3.4. Enrichment Analysis

Genome-wide variations in the Gannan and Kecai yak populations were next analyzed, with the results being used for GO enrichment analyses of the 1882 identified genes (Supplementary Table S5). These genes were enriched in biological processes including cellular processes, metabolic processes, and responses to stimuli, cellular components including organelles, macromolecular complexes, synaptic fractions, and molecular functions, including catalytic activity, enzyme regulator activity, and molecular transducer activity (Figure 4a). In KEGG enrichment analyses, these genes were found to be closely associated with several biologically important pathways (Supplementary Table S6), including the Staphylococcus aureus infection, terpene skeleton biosynthesis, sphingolipid metabolism, linoleic acid metabolism, and FcγR-mediated phagocytosis pathways (Figure 4c). Additionally, in the pathways involved in muscle fat development, a candidate gene ACOX1 related to fat deposition was found.

4. Discussion

Yaks are an invaluable genetic resource in the Qinghai–Tibet Plateau and surrounding high-altitude regions. Several reports estimate that yaks were initially domesticated from wild yak populations approximately 7300 years ago [25,26]. Gannan yaks represent a local genetic resource unique to the Qinghai–Tibet Plateau. Following prolonged natural selection and artificial breeding, these yaks exhibit a stable population structure, robust stress resistance, and excellent reproductive performance. Gannan-yak-derived products have a geographical indication and are highly desirable owing to their production of high-quality milk and meat [11]. Kecai yaks are a recently described genetic resource generated through the breeding of Gannan yaks with wild yaks. These Kecai yaks are larger than other yak breeds, and retained the excellent reproductive and production performance of Gannan yaks. To better understand the evolution and genetic characteristics of these Kecai yaks in the present study, genomic resequencing was performed and the resultant data were compared with genomic sequences from other yaks to establish the overall yak population structure. In addition, the genetic diversity of Kecai yaks was analyzed, and the unique characteristics of Kecai yaks and other yak breeds were evaluated.

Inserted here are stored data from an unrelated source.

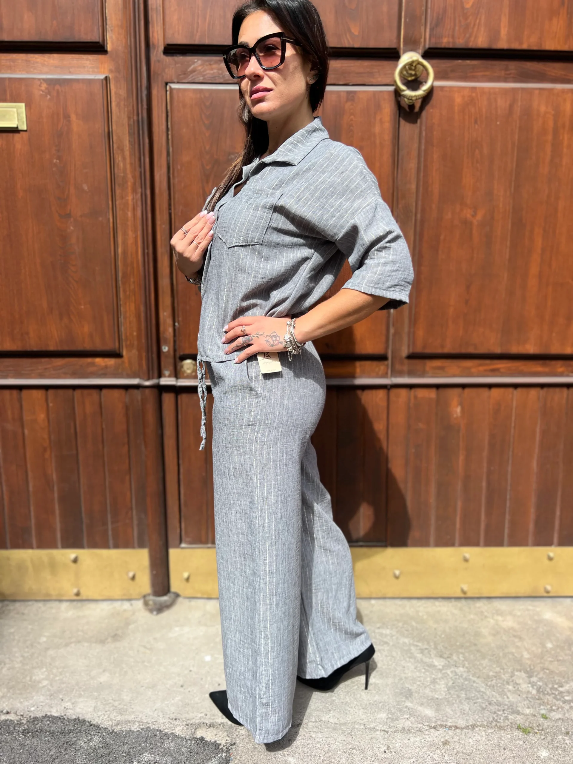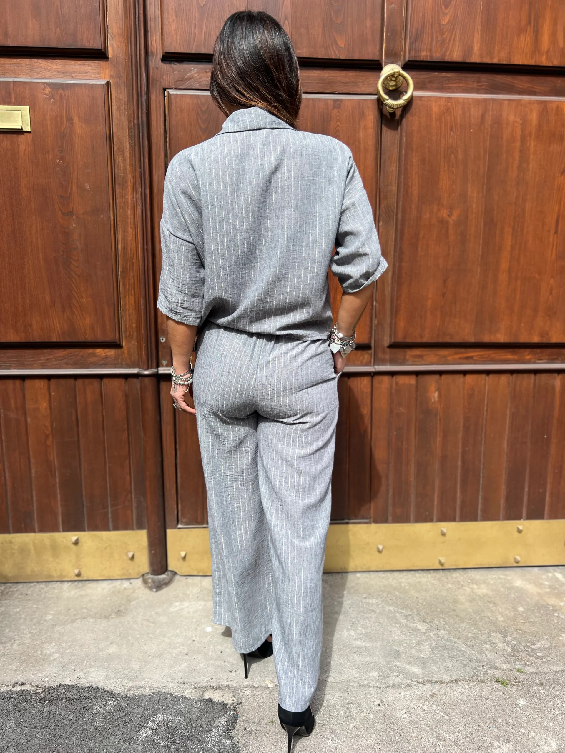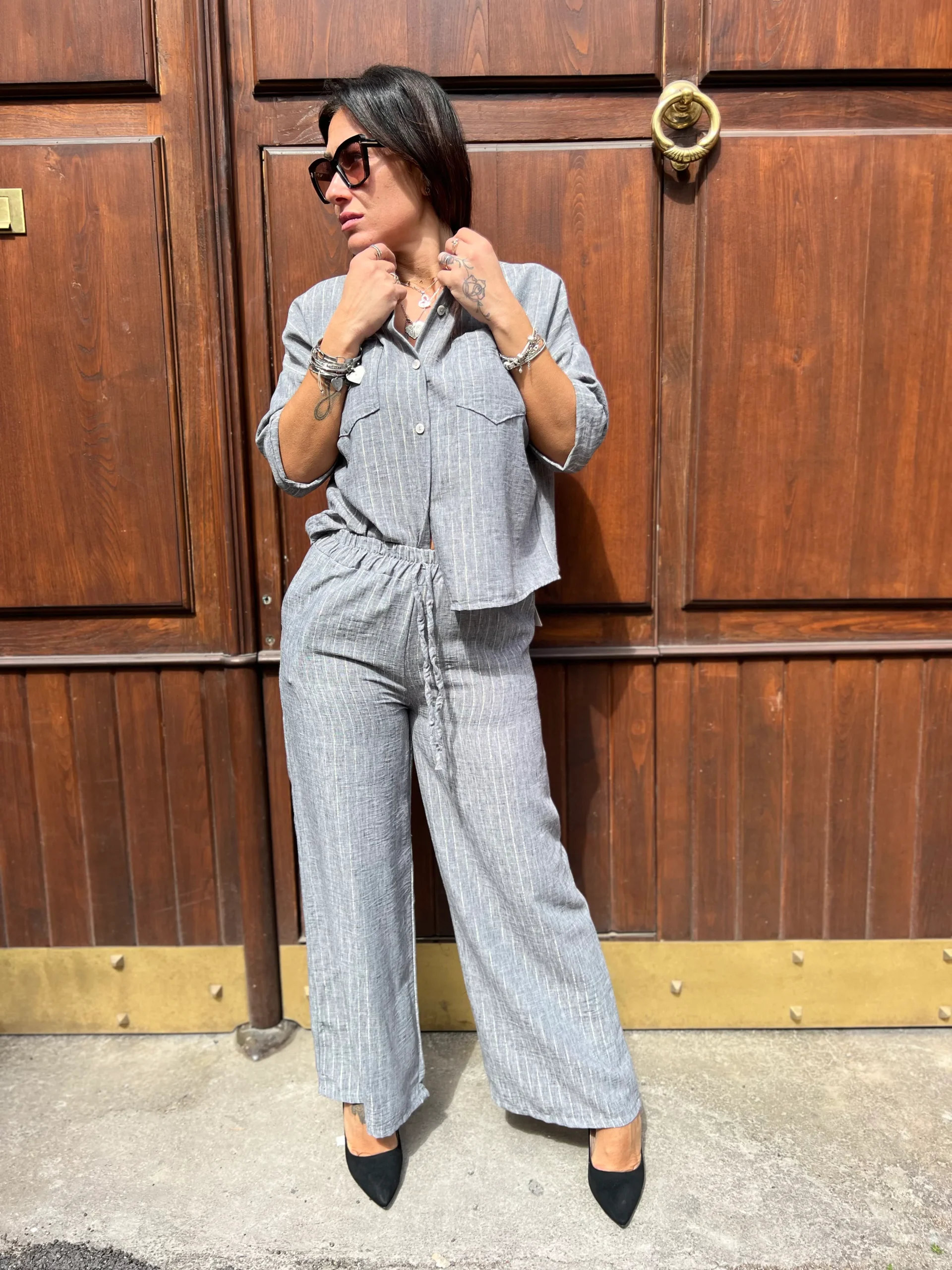 Questo completo camicia e pantalone gessato รจ perfetto per un look formale e sofisticato. La camicia presenta righini brillantinati che conferiscono un tocco di eleganza al completo. Il pantalone gessato, invece, dona un’allure professionale e raffinato. Un ottimo investimento per il tuo guardaroba di lavoro.
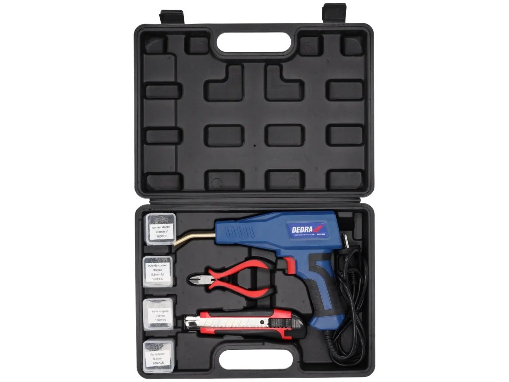 Svářečka na plast DED7528 je nezbytné zařízení v každé dílně, určené k opravě a zpevnění různých druhů plastových materiálů, jako je PE, PP, PA, PB a PVC.
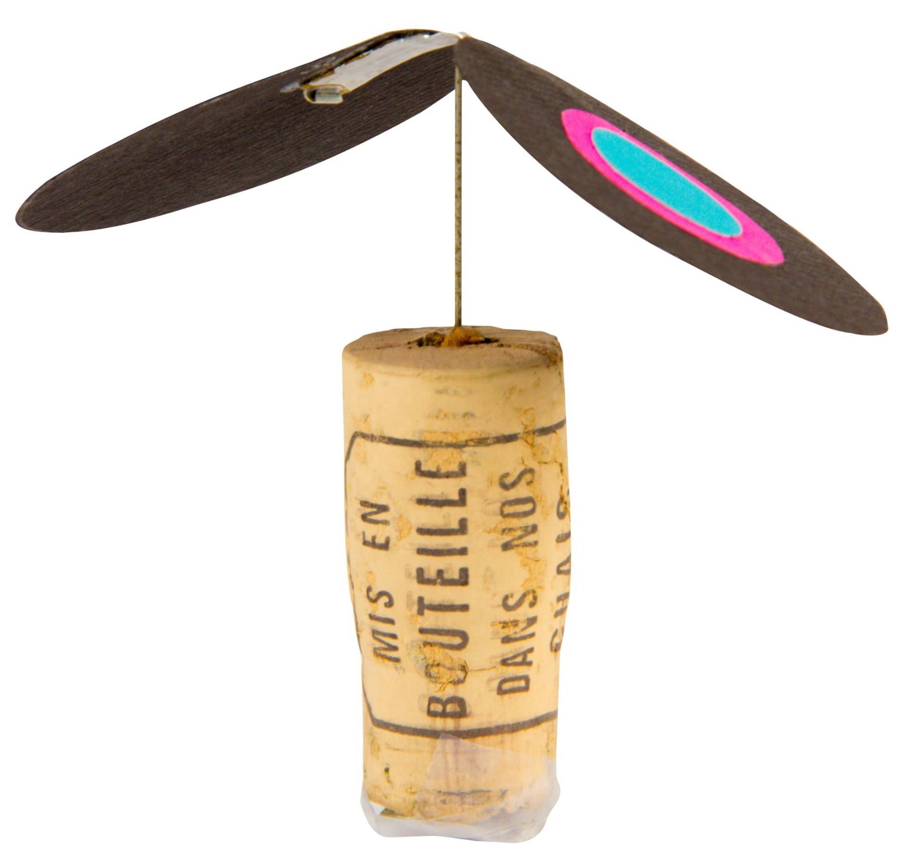 (Disney, c.1957) An original eraser clip propeller created by Rolly Crump during his time at the Disney Studio. This propeller is one of several which Rolly displayed in a gallery show at the Disney Studio. Years later, Walt Disney would remember Rolly's propellers from that show when deciding to bring him over to WED Imagineering. This propeller, created in black, pink, and blue paper adhered to an eraser clip from one of Rolly's Blackwing 602 pencils, measures 3.5" long and is in very good condition.
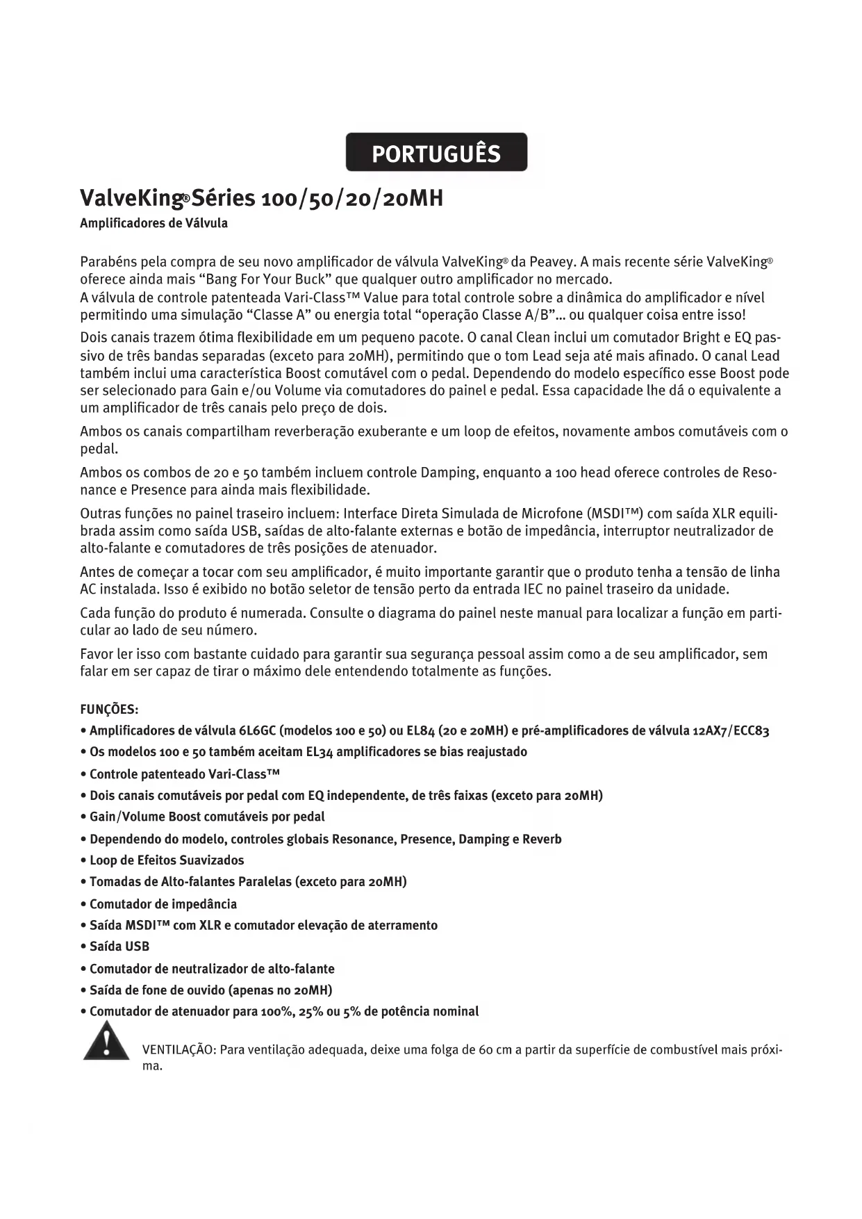 MANUAL DE UTILIZADOR ValveKing 20 MH PEAVEY
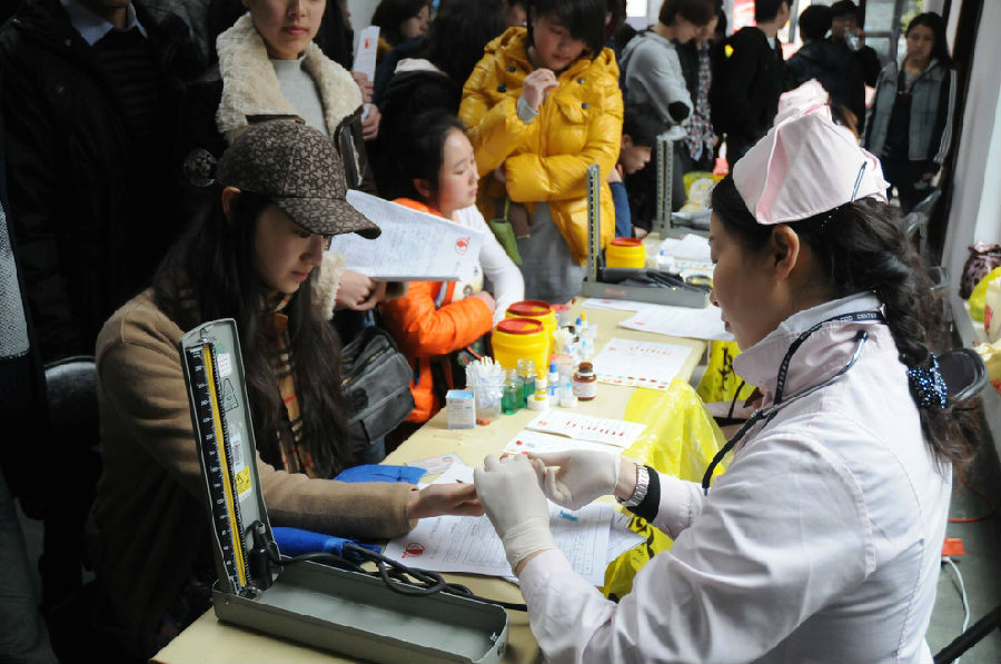 图为:我院学生参加献血前的验血检查
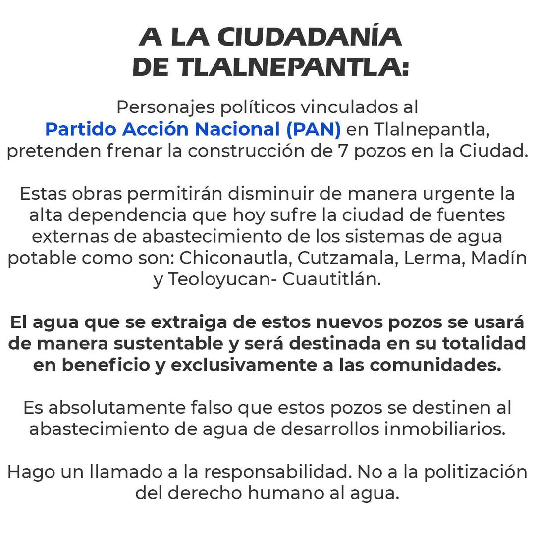 Por un lado, Raciel Pérez acusa que personajes vinculados al PAN en Tlalnepantla pretenden frenar la construcción de los pozos, mismos que permitiran disminuir de manera urgente “la alta dependencia que hoy sufre la ciudad de fuentes externas de abastastecimiento de los sistemas de agua otable como son: Choconautla, Cutzamala, Lerma, Madín, Teoloyuca-Cuautitlán”.

A phylogenetic tree was constructed by SNP, and it was found that wild yak and domestic yak were mainly divided into two different branches. Because Kecai yak is the offspring of a branch of Gannan yak crossed with wild yak, some Kecai yak are genetically close to wild yak. The genetic similarities between wild and Kecai yak populations are likely attributable to the fact that Kecai yaks were genetically distinguishable from wild and Gannan yak populations. When analyzing yak population structures at k = 2, these yaks were clustered into wild and domesticated yak samples in line with prior research [25,27]. When k ≥ 4, Gannan yak samples formed an independent subgroup distinct from other domesticated yak samples. Compared with Gannan yak, Jiulong yak and Xueduo yak, the measured Fst values of harvestable yak were all lower than 0.05, indicating that there was gene exchange among yak populations. Notably, Kecai yak samples exhibited a higher degree of nucleic acid diversity relative to other domestic yak subpopulations. These characteristics offer insights into the unique properties of Kecai yaks.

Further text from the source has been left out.